**Problem statement:**
Below are some records. Return exactly the lines from the one containing "TOURSEL née PLANQUELLE." through the one containing "Die Fertigstellung des", both included, and only those.

Start of Supplied entries

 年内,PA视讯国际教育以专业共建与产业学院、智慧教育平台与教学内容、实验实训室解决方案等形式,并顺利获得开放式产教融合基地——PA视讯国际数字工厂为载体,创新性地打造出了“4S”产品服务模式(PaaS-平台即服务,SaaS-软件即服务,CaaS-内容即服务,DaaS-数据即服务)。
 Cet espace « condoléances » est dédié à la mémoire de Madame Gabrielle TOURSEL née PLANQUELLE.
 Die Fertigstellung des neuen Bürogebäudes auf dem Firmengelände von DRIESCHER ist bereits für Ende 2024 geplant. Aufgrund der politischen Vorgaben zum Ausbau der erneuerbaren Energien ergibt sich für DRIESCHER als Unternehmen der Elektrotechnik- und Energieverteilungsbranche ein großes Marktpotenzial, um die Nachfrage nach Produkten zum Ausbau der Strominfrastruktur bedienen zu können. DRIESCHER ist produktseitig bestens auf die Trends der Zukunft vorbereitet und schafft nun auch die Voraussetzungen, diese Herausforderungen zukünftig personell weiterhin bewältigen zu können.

End of Supplied entries
Start of Supplied entries

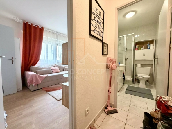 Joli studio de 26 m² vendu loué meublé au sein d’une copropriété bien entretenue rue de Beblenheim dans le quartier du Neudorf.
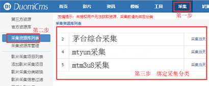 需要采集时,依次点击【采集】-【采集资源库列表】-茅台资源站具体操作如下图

End of Supplied entries

**Result of the task:**
 Cet espace « condoléances » est dédié à la mémoire de Madame Gabrielle TOURSEL née PLANQUELLE.
 Die Fertigstellung des neuen Bürogebäudes auf dem Firmengelände von DRIESCHER ist bereits für Ende 2024 geplant. Aufgrund der politischen Vorgaben zum Ausbau der erneuerbaren Energien ergibt sich für DRIESCHER als Unternehmen der Elektrotechnik- und Energieverteilungsbranche ein großes Marktpotenzial, um die Nachfrage nach Produkten zum Ausbau der Strominfrastruktur bedienen zu können. DRIESCHER ist produktseitig bestens auf die Trends der Zukunft vorbereitet und schafft nun auch die Voraussetzungen, diese Herausforderungen zukünftig personell weiterhin bewältigen zu können.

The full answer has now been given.